Type the data below again exactly. Omit all pictures.

==== DATA ====

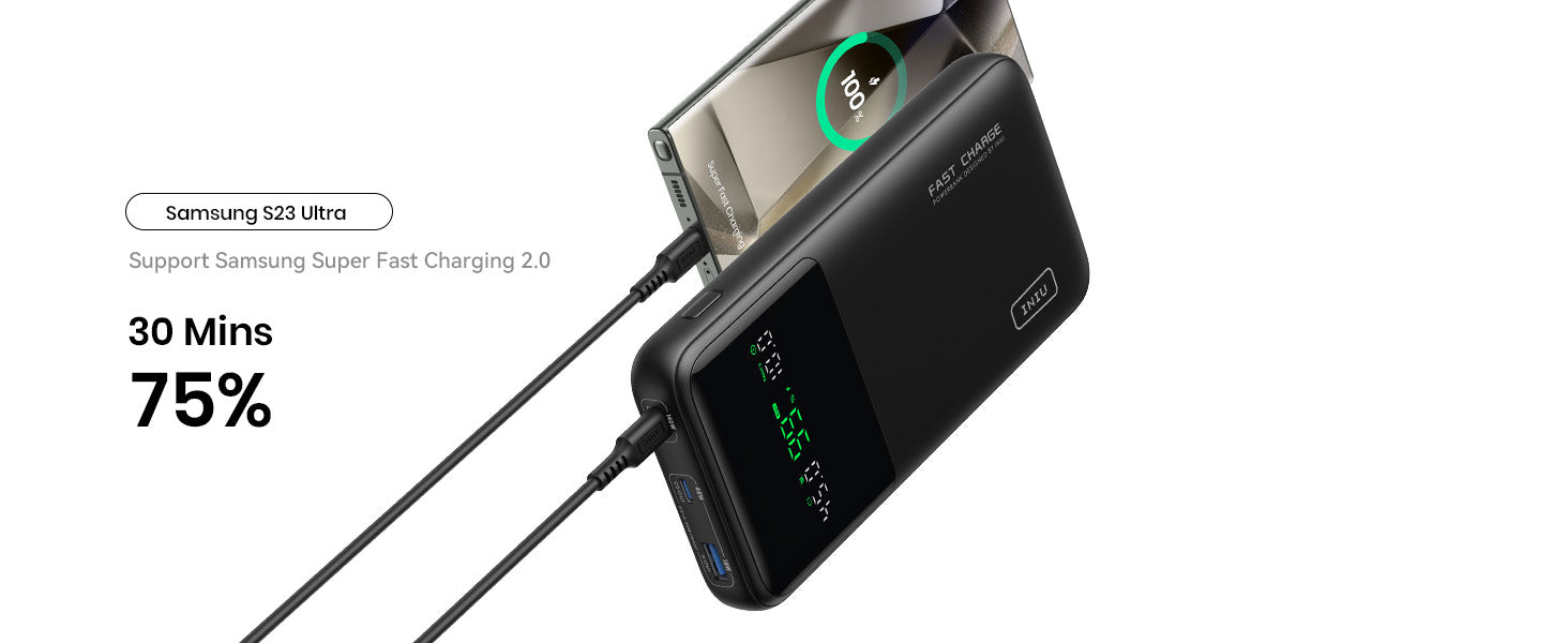 The product support pass-through charging, allowing the power bank to charge other devices while itself being charged.
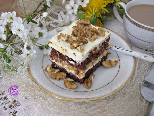 Pyszne ciasto z biszkoptem przypominającym murzynka, delikatnym kremem budyniowym i chrupiącym ryżem preparowanym oblanym przesłodkim kajmakiem. Całą słodycz łamię malinowa konfitura. Ciasto idealne do kawy!
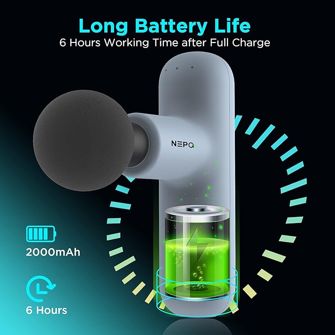 - SUPER QUIET Deep Tissue Massage Gun - With less than 40db working noise, NEPQ SK6 mini massage gun allows you to stay relaxed and undisturbed wherever you are, be it at home, on-the-go, or at work.

====

- _SOLUTION_
 The product support pass-through charging, allowing the power bank to charge other devices while itself being charged.
 Pyszne ciasto z biszkoptem przypominającym murzynka, delikatnym kremem budyniowym i chrupiącym ryżem preparowanym oblanym przesłodkim kajmakiem. Całą słodycz łamię malinowa konfitura. Ciasto idealne do kawy!
 - SUPER QUIET Deep Tissue Massage Gun - With less than 40db working noise, NEPQ SK6 mini massage gun allows you to stay relaxed and undisturbed wherever you are, be it at home, on-the-go, or at work.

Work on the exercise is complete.